Answer Generation (LM Post-Processing):
- Now, the TAG system uses a language model (LM) (e.g., GPT) to process the unstructured data (reviews).
- TAG uses the LM to summarize the fetched reviews, as requested by the query. This might involve multiple passes or an iterative process where the model condenses the information in the review field:
Summary: "The reviews highlight the chemistry between the leads and praise the emotional depth of the story."
Reasoning (Handling “Last Year”):
TAG is capable of understanding that “last year” is a dynamic term. While Text2SQL might rely on SQL date functions (e.g., YEAR(CURDATE()) - 1
), TAG can handle more complex reasoning about time periods, particularly if the logic is not directly expressible in SQL.

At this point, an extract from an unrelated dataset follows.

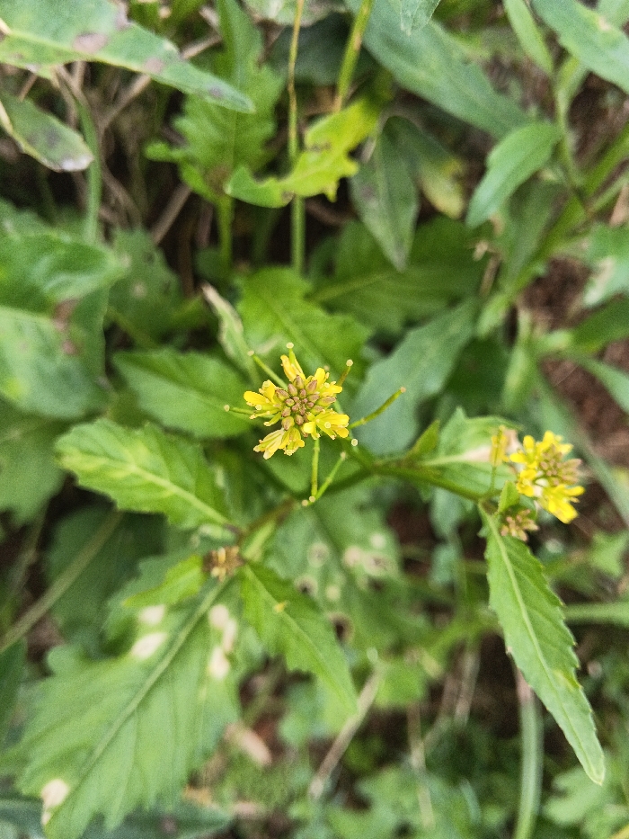 This forensic description details a close-up, high-angle view of a herbaceous plant within the city of Makilala, Philippines. The primary subject is a cluster of small yellow flowers, approximately 1-2 centimeters in diameter, located in the upper central portion of the frame. This main inflorescence consists of numerous tiny yellow petals, subtended by developing buds. A secondary, smaller cluster of similar yellow flowers is visible to the right. The plant exhibits multiple green leaves of varying shapes, some appearing lanceolate or spatulate with visible venation. Several leaves display irregular patches of lighter green or whitish discoloration, consistent with depigmentation or necrosis. The immediate environment consists of dense green foliage, with blurred background elements suggesting additional vegetation and indistinct dark brown earth. No human subjects, animals, or man-made objects are present. The scene is static, under natural, diffused lighting conditions.

For example, the model can interpret “last year” even if it’s not explicitly stored in the database.
Final Answer Generation:
The TAG system combines both the structured data (e.g., the movie title) and the reasoning/summarization from the language model to form the final natural language response:
The highest-grossing romance movie from last year is "The Great Romance." The reviews praise the chemistry between the leads and the emotional depth of the story.
Technical Components in TAG:
- Language Models (LM): For summarization, reasoning, and handling unstructured data. LMs like GPT-4 are used to process the results retrieved from the database.
- Schema-Aware SQL Generation: Like Text2SQL, TAG uses schema-aware NLP models to generate SQL queries, but it augments this with reasoning capabilities.
- Post-Processing Pipelines: TAG integrates SQL results into post-processing pipelines that use LMs to generate more refined answers.
Final Verdict
Conclusion:
- Text2SQL stops at generating SQL queries and retrieving data, handling simple, structured questions.
- TAG goes further by incorporating a language model to process unstructured data, handle reasoning tasks, and generate complex, human-like responses based on both structured data from the database and external reasoning. This makes TAG more suited to real-world, complex queries.